His voting share rights are obscenely skewed against you and I retail investors.
I would expect that if there was a more diverse board, the company would not necessarily be stronger for it. Shareholders are sometimes, contrary to the usual believe, shorter-term in their thinking than owner-management, and can vote against investments that have zero return for the next 3 months, but a huge return on investment over several years. That was the case with Google in the past, when it had massive cloud investments that the shareholders were skeptical about 2 years ago, and revising their memory (most accurately as "In the past thought it was poor spending, better if they bought more stock") to a newer version, inconsistent with past beliefs, but consistent with the present facts (that "I always thought is was obvious thing to spend so much capital on building the their AI models/infrastructure").

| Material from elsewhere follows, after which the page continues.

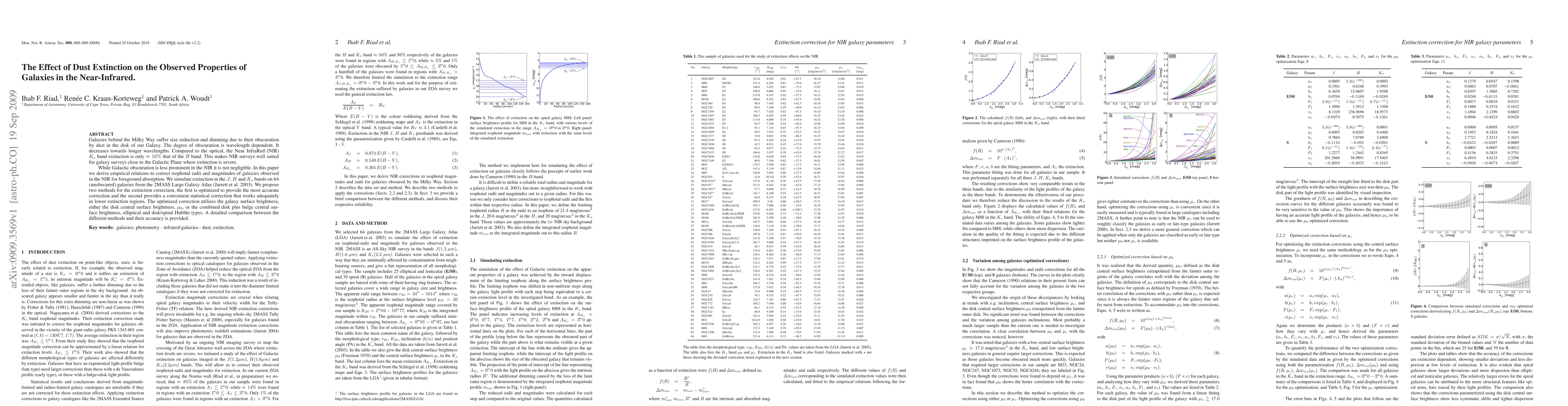 Galaxies behind the Milky Way suffer size reduction and dimming due to their obscuration by dust in the disk of our Galaxy. The degree of obscuration is wavelength dependent. It decreases towards longer wavelengths. Compared to the optical, the Near InfraRed (NIR) $K_s$ band extinction is only $\approx10%$ that of the $B$ band. This makes NIR surveys well suited for galaxy surveys close to the Galactic Plane where extinction is severe. While Galactic obscuration is less prominent in the NIR it is not negligible. In this paper we derive empirical relations to correct isophotal radii and magnitudes of galaxies observed in the NIR for foreground absorption. We simulate extinction in the $J$, $H$ and $K_s$ bands on 64 (unobscured) galaxies from the 2MASS Large Galaxy Atlas \citep{jarrett}. We propose two methods for the extinction correction, the first is optimized to provide the most accurate correction and the second provides a convenient statistical correction that works adequately in lower extinction regions. The optimized correction utilizes the galaxy surface brightness, either the disk central surface brightness, $\mu_0$, or the combined disk plus bulge central surface brightness, elliptical and disk/spiral Hubble types. A detailed comparison between the different methods and their accuracy is provided.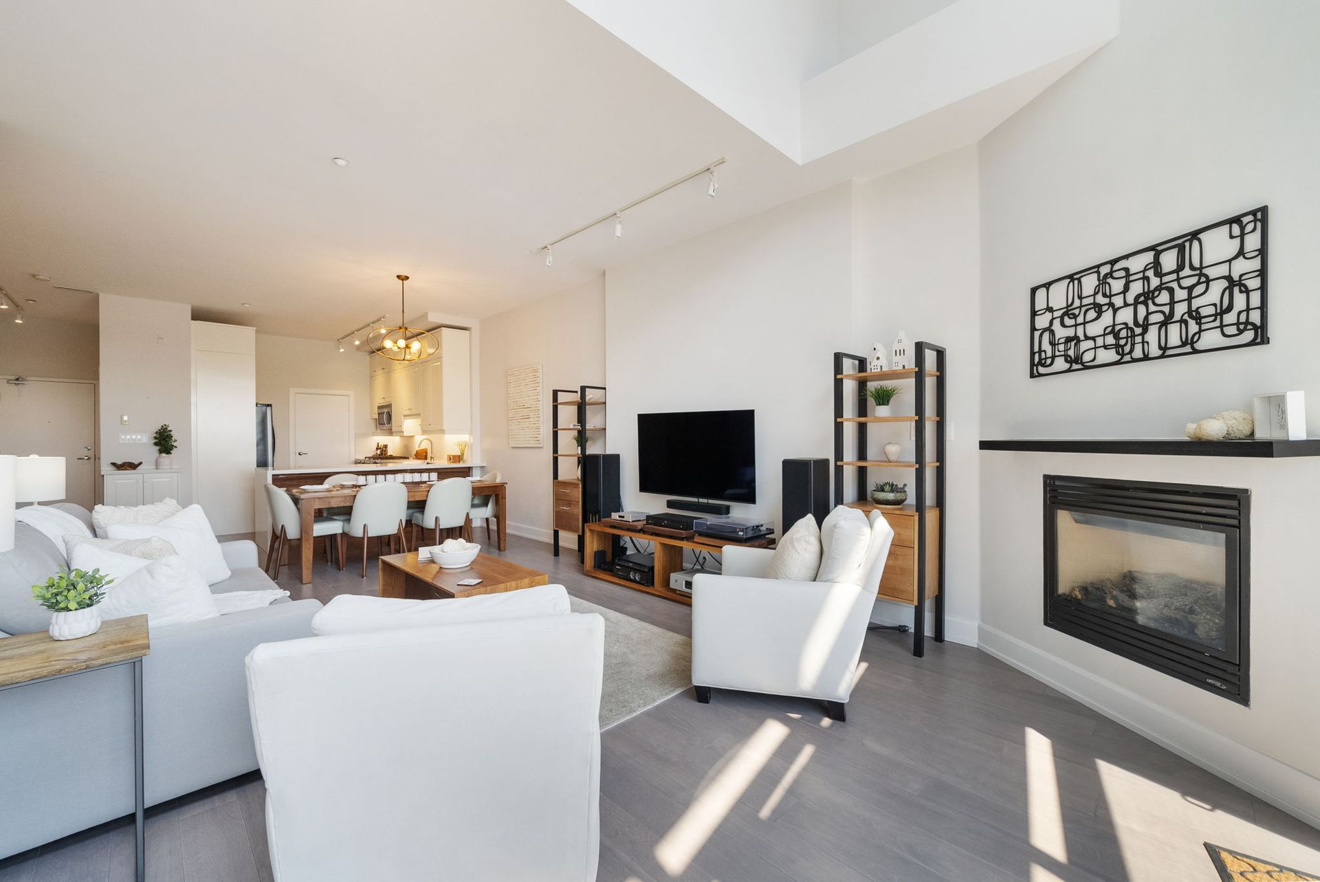 The modern, bright kitchen is a showstopper with its L-shaped quartz countertops, breakfast bar seating, ample storage and pantry space—plus ensuite laundry for everyday ease. The open concept kitchen overlooks the large living room complete with gas fireplace and walkout to your private 144sqft terrace featuring stunning views and a natural gas BBQ hookup.

I have a a couple of friends who own businesses purchasing a huge amount of AI compute since Feb this year. These two firms are sepnding a lot of money on AI (presently towards Google, but they'd be happy to flip to Meta if they offered their computer to customers also, which I'm almost certain they will) not because of hype, but because they are getting immediate customer benefits thar far exceed the LLM expense. They'll be some misspendings, but overall I expect the benefit to such mid-layer-businesses (online shops, brokerage software, etc) wanting LLM access will remain quite larger than the expenses itself. What happens, though, as with past manufacturers forced to upgrade to a new technology (where you go out of business if you don't upgrade) is that the mid-level businesses don't beneift so much (as they all upgrade so competitive position is the same as before) and the main beneficiaries are the tech sellers, and the end-custom actually using the products created by the mid-level businsses.
- Manlobbi
(*) and (**): Note the overlap of these two points. You want a CEO that is paranoid about any competition, other sources of keeping the public's attention (this is the environment for revenue, not the revenue itself), and a CEO that biases towards too much activity (erroring on getting it wrong sometimes, rather than erroring on just being conservative).